Executive Summary

  • A neural network is just a lego-like formation of smaller functions(neurons).
  • Neural networks are very good for supervised learning use cases. Given enough data they can very accurately map to this dataset.
  • Many NN problems are all about cleverly selecting input and output for a problem. Neural networks are good at unstructured data.
  • For images, we often use CNN. For any temporal data that occurs in a sequence like audio, speech, and text sequence models like RNN, LSTM are used.

Week 1: Introduction


Let's say you have a data set with six houses, so you know the size of the houses in square feet or square meters and you know the price of the house and you want to fit a function to predict the price of a house as a function of its size.

You can do this in linear regression but the way to do it in deep learning is to use a single function called "neuron" that can be used to capture the behavior. The shape of the function here is RELU(Rectified Linear Unit). And all that the neuron does is it inputs the size, computes this linear function, takes a max of zero, and then outputs the estimated price.

So if this is a single neuron, neural network, really a tiny little neural network, a larger neural network is then formed by taking many of the single neurons and stacking them together. So, if you think of this neuron that's being like a single Lego brick, you then get a bigger neural network by stacking together many of these Lego bricks.

An example of how a NN problem looks like.
We give the model inputs and output price Y for some items in training set and all intermediate layers it finds by itself.

The circles in the middle, These are called hidden units in the neural network, that each of them takes its inputs all four input features. So for example, rather than saying this first node represents family size and family size depends only on the features X1 and X2. Instead, we're going to say, well neural network, you decide whatever you want this node to be. And we'll give you all four input features to compute whatever you want.
So we say that layer that this is input layer and this layer in the middle of the neural network are densely connected. Because every input feature is connected to every one of these circles in the middle. And the remarkable thing about neural networks is that, given enough data about x and y, given enough training examples with both x and y, neural networks are remarkably good at figuring out functions that accurately map from x to y.

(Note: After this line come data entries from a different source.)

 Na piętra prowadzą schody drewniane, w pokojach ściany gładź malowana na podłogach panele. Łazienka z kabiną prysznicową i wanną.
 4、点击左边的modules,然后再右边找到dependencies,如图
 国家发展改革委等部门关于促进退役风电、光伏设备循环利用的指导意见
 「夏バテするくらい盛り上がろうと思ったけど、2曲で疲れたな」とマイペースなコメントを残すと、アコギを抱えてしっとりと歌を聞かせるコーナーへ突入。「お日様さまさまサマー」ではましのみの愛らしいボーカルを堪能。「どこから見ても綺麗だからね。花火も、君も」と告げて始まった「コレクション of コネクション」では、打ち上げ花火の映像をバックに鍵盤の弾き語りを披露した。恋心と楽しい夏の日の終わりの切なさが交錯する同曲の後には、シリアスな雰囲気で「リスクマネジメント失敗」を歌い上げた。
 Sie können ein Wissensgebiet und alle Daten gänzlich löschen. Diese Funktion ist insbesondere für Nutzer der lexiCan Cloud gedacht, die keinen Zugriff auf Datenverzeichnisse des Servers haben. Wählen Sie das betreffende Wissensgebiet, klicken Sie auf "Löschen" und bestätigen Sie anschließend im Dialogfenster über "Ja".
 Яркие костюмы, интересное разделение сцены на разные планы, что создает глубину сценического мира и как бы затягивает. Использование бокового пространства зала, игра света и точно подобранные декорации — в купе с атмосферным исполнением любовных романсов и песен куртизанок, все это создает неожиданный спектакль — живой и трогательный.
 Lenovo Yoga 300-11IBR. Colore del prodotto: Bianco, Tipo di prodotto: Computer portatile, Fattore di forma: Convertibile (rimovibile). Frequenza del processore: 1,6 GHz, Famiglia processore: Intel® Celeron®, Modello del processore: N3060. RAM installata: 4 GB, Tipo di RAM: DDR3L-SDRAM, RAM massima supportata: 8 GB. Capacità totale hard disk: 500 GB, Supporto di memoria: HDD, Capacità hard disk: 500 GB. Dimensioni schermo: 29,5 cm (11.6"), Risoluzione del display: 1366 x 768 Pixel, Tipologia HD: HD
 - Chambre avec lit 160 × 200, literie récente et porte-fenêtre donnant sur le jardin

NN are highly successful for supervised learning usecases.

Applications of Neural Networks

A lot of the value creation through neural networks has been through cleverly selecting what should be x and what should be y for your particular problem, and then fitting this supervised learning component into often a bigger system such as an autonomous vehicle. It turns out that slightly different types of neural networks are useful for different applications. For example, in the real estate application that we saw in the previous video, we use a universally standard neural network architecture, right? Maybe for real estate and online advertising might be a relatively standard neural network, like the one that we saw.
For image applications we'll often use convolutional neural networks, often abbreviated CNN. And for sequence data. So for example, audio has a temporal component, right? Audio is played out over time, so audio is most naturally represented as a one-dimensional time series or as a one-dimensional temporal sequence. And so for sequence data, you often use an RNN, a recurrent neural network. Language, English and Chinese, the alphabets or the words come one at a time. So language is also most naturally represented as sequence data. And so more complex versions of RNNs are often used for these applications.

And then, for more complex applications, like autonomous driving, where you have an image, that might suggest more of a CNN, convolution neural network, structure and radar info which is something quite different. You might end up with a more custom, or some more complex, hybrid neural network architecture.

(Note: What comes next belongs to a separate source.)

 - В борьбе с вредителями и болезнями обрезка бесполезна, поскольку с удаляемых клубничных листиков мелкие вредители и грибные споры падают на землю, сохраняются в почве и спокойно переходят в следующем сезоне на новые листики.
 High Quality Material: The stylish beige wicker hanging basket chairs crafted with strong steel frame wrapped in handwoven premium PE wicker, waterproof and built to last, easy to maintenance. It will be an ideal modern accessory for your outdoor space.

There is structured data(databases) and unstructured data(pixel values or individual words). Deep learning is good at unstructured data.

Scale Drives Deep learning Progress


If you want to hit this very high level of performance then you need two things first:

  • Lot of data (both X and labelled data Y)
  • size of the neural network, meaning just a new network, a lot of hidden units, a lot of parameters, a lot of connections In fact, today one of the most reliable ways to get better performance in a neural network is often to either train a bigger network or throw more data at it. However that only works up to a point because eventually you run out of data or eventually then your network is so big that it takes too long to train.

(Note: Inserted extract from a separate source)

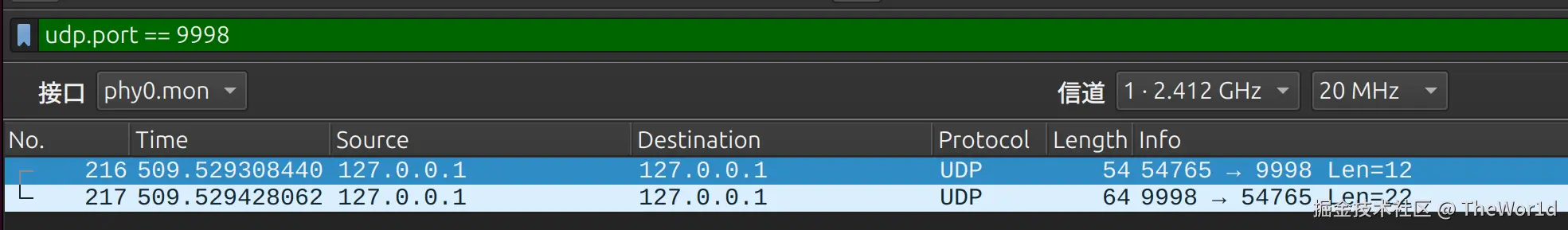 lo(环回) - 过滤器: tcp.port == 9999

Sometimes for small training datasets it is quite possible doing better feature engineering can lead to better results. And even SVM can perform better than a neural network with better-engineered features.

  • Algorithmic innovations like switching from Sigmoid to RELU have sped up gradient descent which in turn has reduced time to train neural networks.
  • Faster GPU and hardware have also accerated the DL.
  • Finally, we can better experiment because of the model training speed.